There is a lot of great fiction coming from Indigenous writers in the US and Canada at the moment. These authors are exploring the ongoing impacts of colonisation and the efforts to hang on to culture and tradition in the modern world. Recently we had Jessica Johns horror-tinged debut Bad Cree but there are plenty of other authors in this space including Louise Erdrich, Rebecca Roanhorse and Eden Robinson. And Then She Fell is Mohawk author Alicia Elliot’s first novel and it is fierce, confronting and compassionate.
The book opens on Alice as a teenager and the first time she finds herself talking to what could be a spirit, in the form of the animated version of Pocahantas. Cut forward a few years and Alice and Steve have just had a baby girl, Dawn. Alice is Mohawk and from the Six Nations Reservation, while Steve is a white academic and the two live in a mainly white suburb in Toronto. The birth of Dawn seems to have rekindled Alice’s ability to hear spirits. Alice is having trouble bonding with Dawn and there is an intimation that her visions and the voices she hears are part of her post-partum depression. At the same time, Alice is trying to channel her storytelling father and write her own, modern version of the Mohawk creation story.

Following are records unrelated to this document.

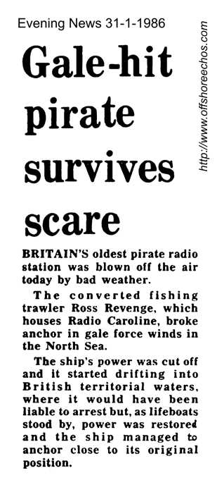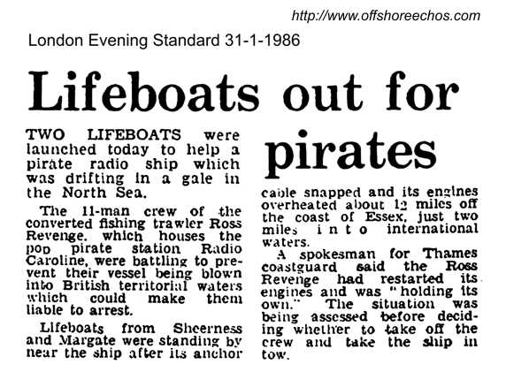 Just how serious things were in the Knock Deep became apparent later in the morning, when according to Ceefax, two lifeboats were launched at around 03.00 to help the Ross Revenge, that had lost its anchor in rough seas. The Ipswich Evening Star that day reported that the Sheerness and Margate lifeboats had been launched after the Ross Revenge's anchor cable had snapped in Force 8 gales and the ships crew had put out an emergency call on CB after their navigational equipment had failed. The ship had drifted to within two miles of British waters, where it could have been arrested. The CB call was picked up by Bryan Mole of Ipswich REACT, a voluntary group who monitor the emergency channel nine. He told the newspaper that the ships engineer said they had broken anchor and were drifting. He said they couldn't get their stand-by anchor down and didn't trust it anyway. Mr. Mole was asked to phone a London number to help alert a tug to assist the stricken radioship, although lifeboats had been launched, and coastguards alerted.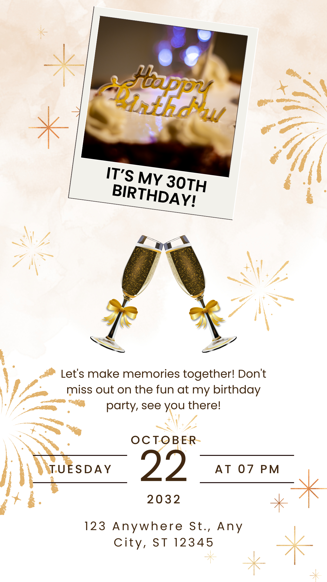 Simply choose your favorite birthday invitation template, customize the text, colors, and images, and download it — no design experience needed!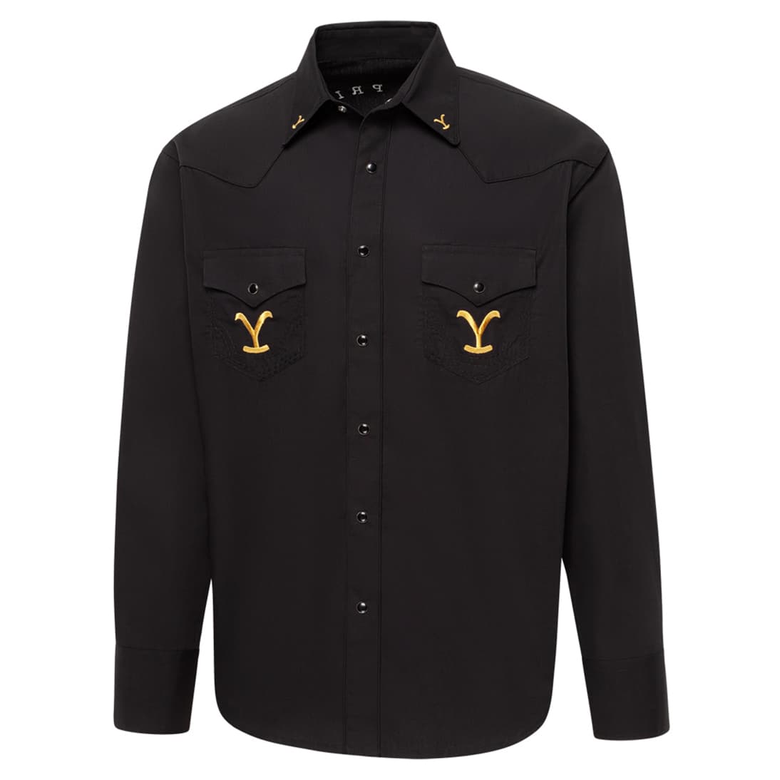El logo “Y” de la marca Yellowstone está bordado en los bolsillos del pecho, en las puntas del cuello y en la parte posterior de la nuca.
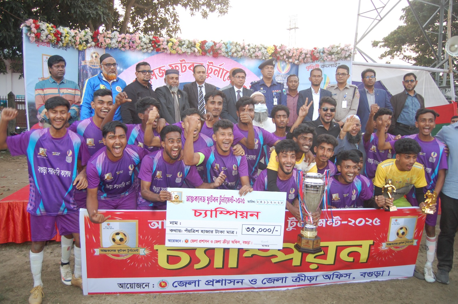 তারুণ্যের উৎসব ২০২৫ উপলক্ষে আয়োজিত আন্তঃ কলেজ ফুটবল টুর্নামেন্টের ফাইনালে বগুড়া সরকারি কলেজ টাইব্রেকারে ৪-২ গোলে সরকারি আজিজুল হক কলেজকে পরাজিত করে চ্যাম্পিয়ন হওয়ার গৌরব অর্জন করেছে।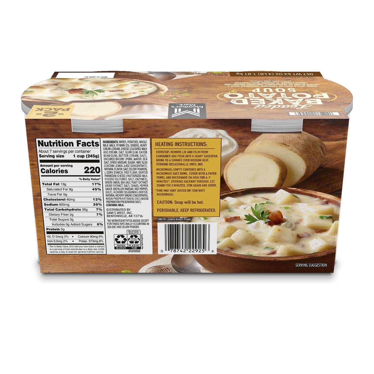 When you're craving a warm, satisfying meal, Member's Mark Loaded Baked Potato Soup, 32 oz., 2 pk. is the answer. Preparing this delightful soup is a breeze—just heat it up on the stovetop or in the microwave, and in no time, you'll have a delicious dish that's sure to please everyone at the table. Keep a pack in your pantry for those days when you need a little comfort food to warm your heart and soul!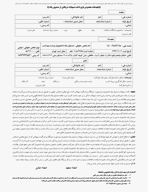 *تعهد محضری (برای کلیه دانشجویانی که برای اولین بار وام دریافت می نمایند)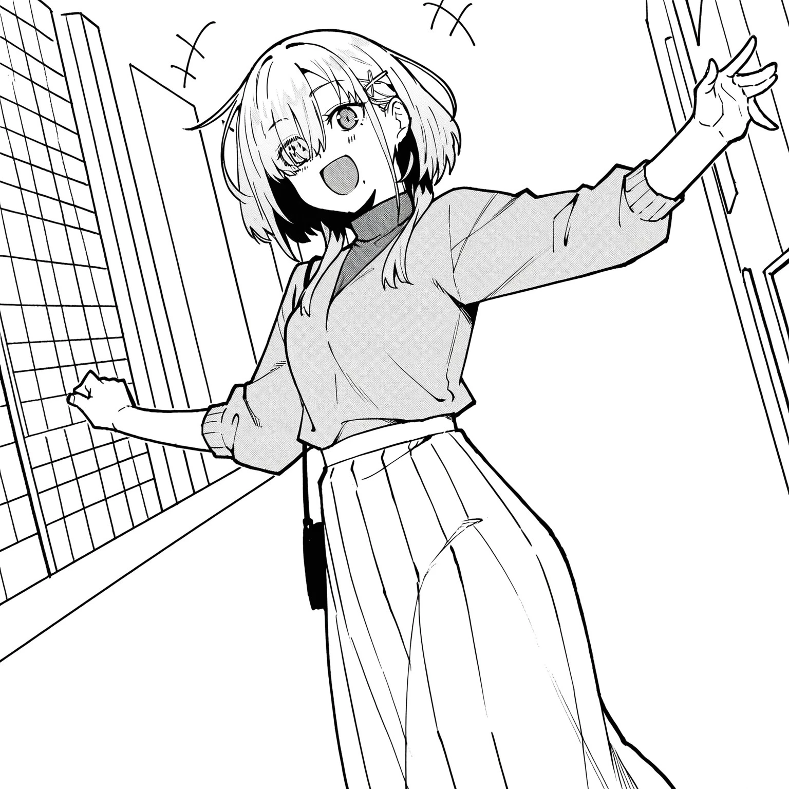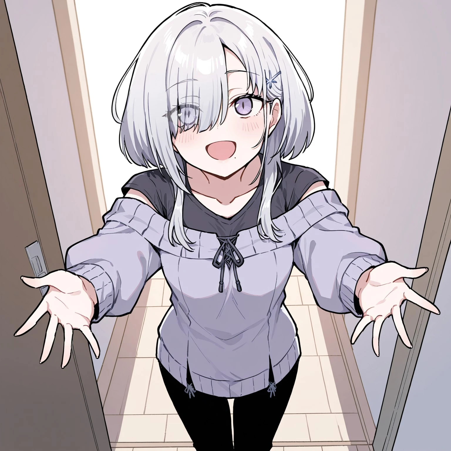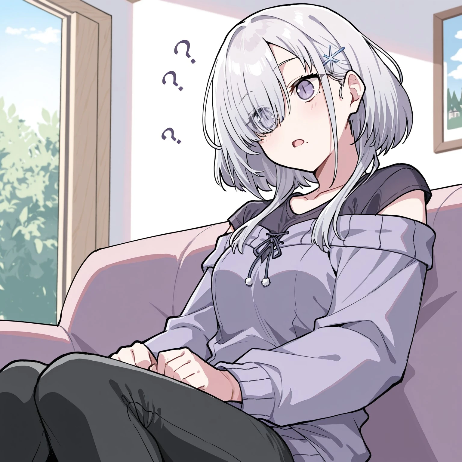 Base: ritsbase, 1girl, hair over one eye, short hair with long locks, eyes_visible_through_hair, bangs, hairclip, hair ornament, mole, mole under mouth, medium breasts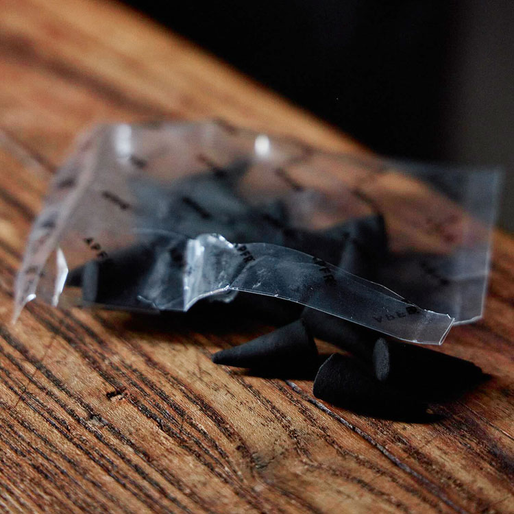 〈黒沈香〉インド古代薬法書である「スシュルータ」には、沈香の薫煙で身体に賦香することや、鎮痛剤として焚くとある。異国情緒ただようアダルトなオリエンタル・ウッディーの香り。

And Then She Fell charts Alice’s life as it gets more and more out of control. Alice is trying to bond with her child while dealing with her own disconnection from her people. At the same time she constantly experiences both subtle and overt racism, amplified by her fragile mental state. Elliot casts the readers into the confusion and often helplessness of Alice’s point of view and walks a tightrope of exploring what might be real and what might be a product of her imagination. At which point Elliot pulls the rug out from under the reader to deliver a resolution that is both compassionate and heartfelt.

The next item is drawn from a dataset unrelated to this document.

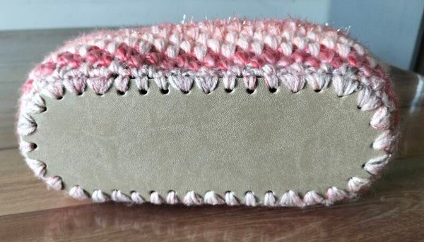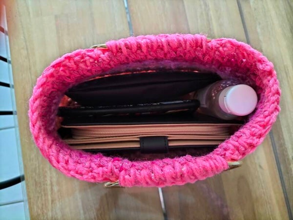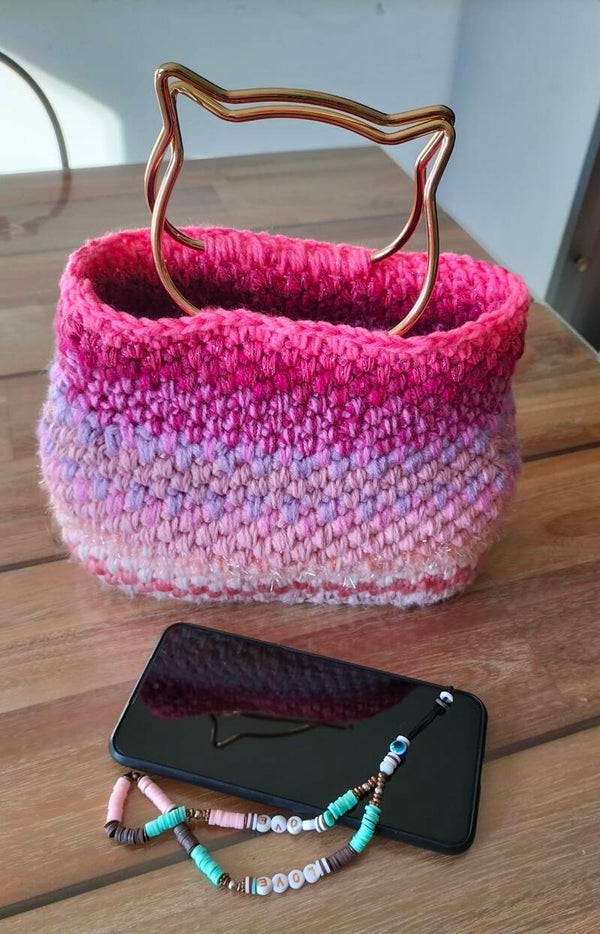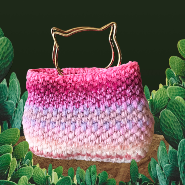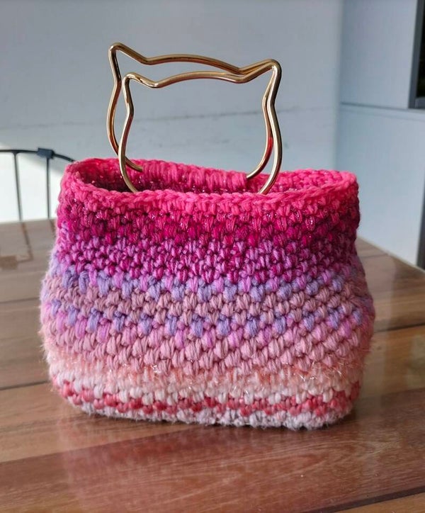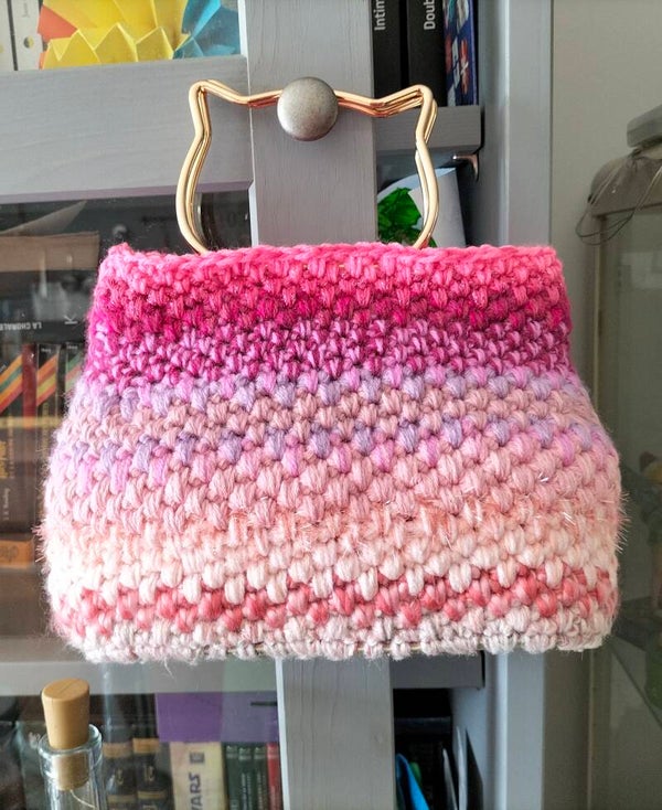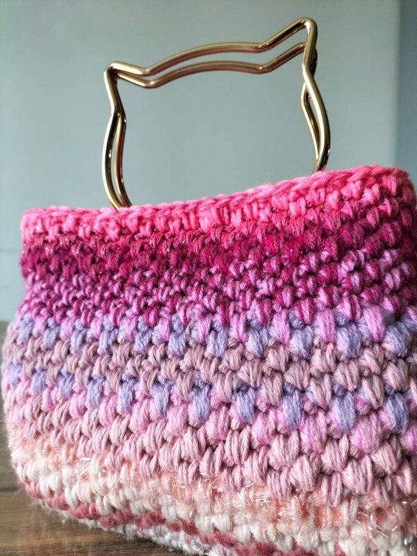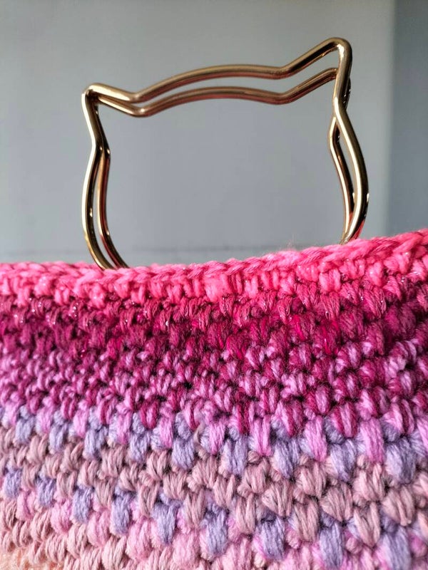 Ce joli sac a main, est entièrement crocheté avec des fins de pelotes, dans un camaïeu de roses, pêche et mauves, orné de jolies poignées dorées en forme de tête de chat.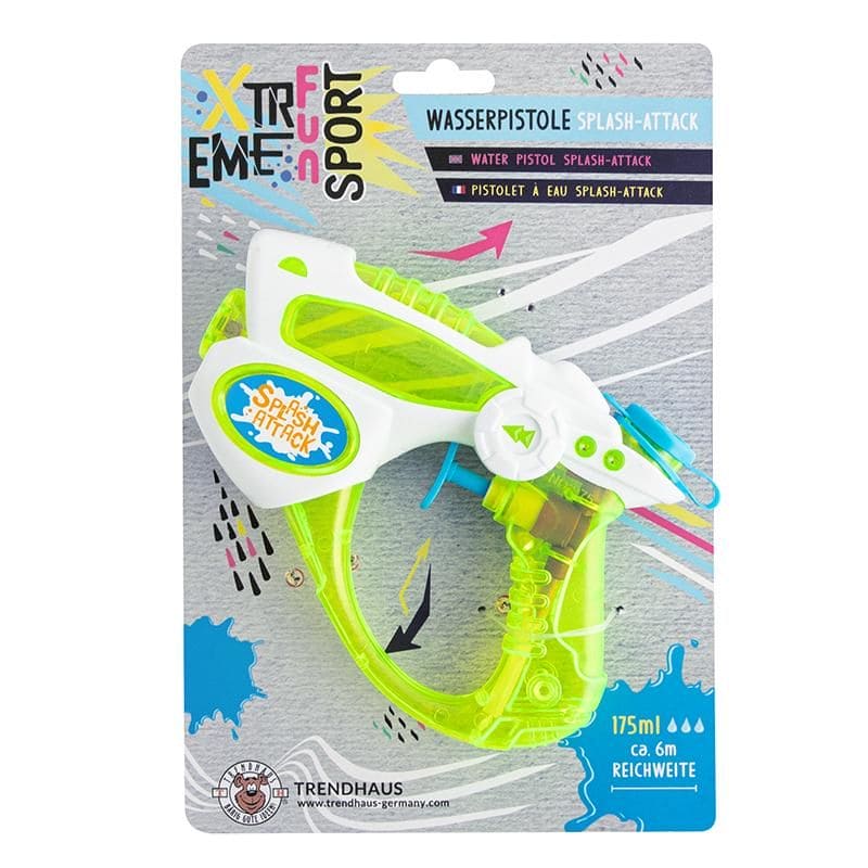 Füllen - zielen - Splash-Attack! Mit dieser Wasserpistole sind Action und Abkühlung garantiert. Mit einem Wassertank von ca. 175 ml und einer großen Reichweite von ca. 6 Metern, ideal für spontane Wasserschlachten. Worauf wartest du?

And Then She Fell joins an array of media that is grappling with the Indigenous experience in America. The characters in tales like Bad Cree or TV series like Reservation Dogs do not distinguish between the physical and the spiritual. These narratives also do not shy away from the ongoing trauma of colonisation. In similar ways, And Then She Fell asks readers to understand the spiritual connection of its protagonist with her culture and the impact that this, and her people’s history, has on the way that she experiences the world. Through Alice’s story Elliot delivers a powerful, sometimes disturbing but ultimately uplifting debut novel.